With the aim of increasing the concentration of the DmtTic pharmacophore 5 at the receptor recognition sites, we prepared trifunctional ligand 15, derived from tris(2-aminoethyl)amine. The low nanomolar affinity as well as the balanced antagonism of trimer 15 showed that this compound indeed has the expected profile, although the antagonist activity decreased by one to two orders of magnitude, relative to dimers of type 9 and 14, respectively. Finally, trifunctional structure 16 was prepared and evaluated. The small loss in δ-binding in respect to dimer 10, combined with a gain in μ-affinity, resulted in enhanced μ-receptor selectivity (K_i^δ/K_i^μ = 24). The improved binding to MOR was unfortunately not translated in effective functional activity. Only moderate μ-antagonism (pA₂^μ = 6.95) was observed for 16, indicating that both dimerization and trimerization of the μ-selective agonist scaffold 6 leads to limited μ-antagonism. The results for trimers 15 and 16 indicated that no improvement in opioid receptor binding and functional activity was obtained by augmenting the pharmacophore density within vicinity of the opioid recognition sites in these trifunctional compounds.

In conclusion, interesting results were obtained for the activity profile of the discussed bi- or trifunctional ligands, obtained by cross-linking different types of peptidomimetic opioid ligands.
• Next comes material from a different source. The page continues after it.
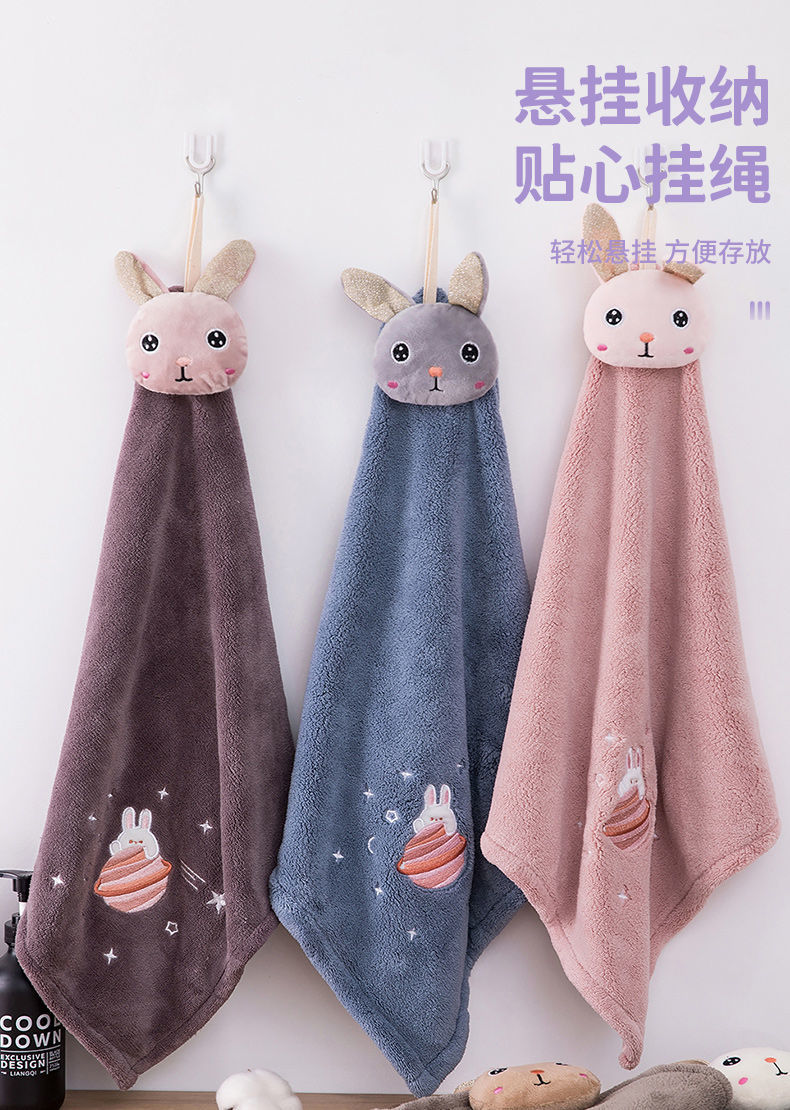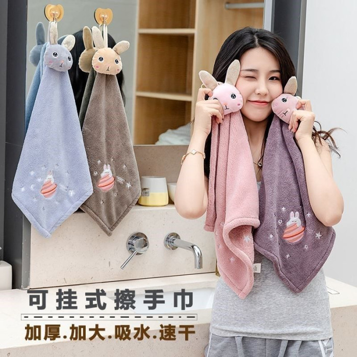 加厚卡通掛式超強吸水可愛擦手巾廚房衛生間家用搽手帕毛巾速乾

The compact ethylene-linked Dmt-Tic dimer 9 shows a more balanced dual antagonist character than those reported for dimers using longer linkers,²³ in agreement with the design principle. Its potency is slightly lower than that reported for the butylene-bis(Dmt-Tic), in a different assay however.
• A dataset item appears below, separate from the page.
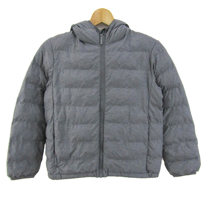 ユニクロ 中綿ジャケット ライトウォームパデットパーカ ジャンパー アウター キッズ 男の子用 140サイズ グレー UNIQLO 【中古】

This study also indicated that dimerization of potent opioid ligands can lead to a loss of affinity, as observed for dimerization of 7 to 11 and of 8 to 12, but also to changes is selectivity and in the conversion of an agonist into an antagonist (6 → 10). Cross metathesis is shown to be an efficient tool to provide DML's. The cross metathesis compound 14 shows similar receptor affinities as its saturated analog²³, but the weak μ-agonism of the latter is changed into μ-antagonism, making 14 an interesting balanced μ-/δ-antagonist.
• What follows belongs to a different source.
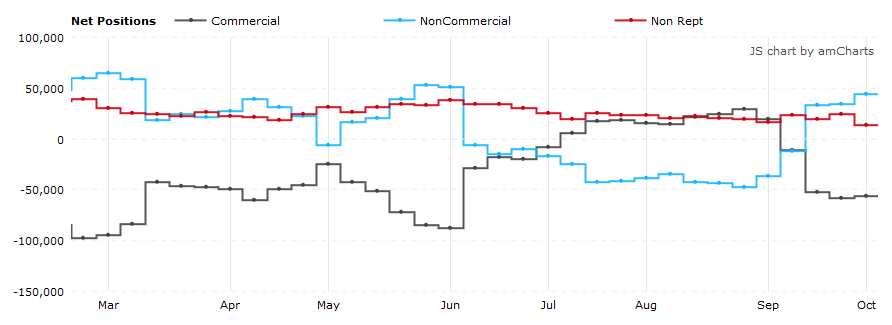 Согласно отчетам COT (Commitments of Traders), предоставляемым Комиссией по торговле товарными фьючерсами (CFTC) - за неделю, закончившуюся в прошлый вторник:

Because of efficacy problems of naltrexone, the approved drug of choice in alcohol cessation and rapid heroin detoxification programs,^37,38 balanced and general opioid antagonists have non-negligible therapeutic potential. The compact multimers 9, 10 and 14 could serve as interesting pharmacological tools in the development of novel opioid antagonist structures with suppressed side-effects.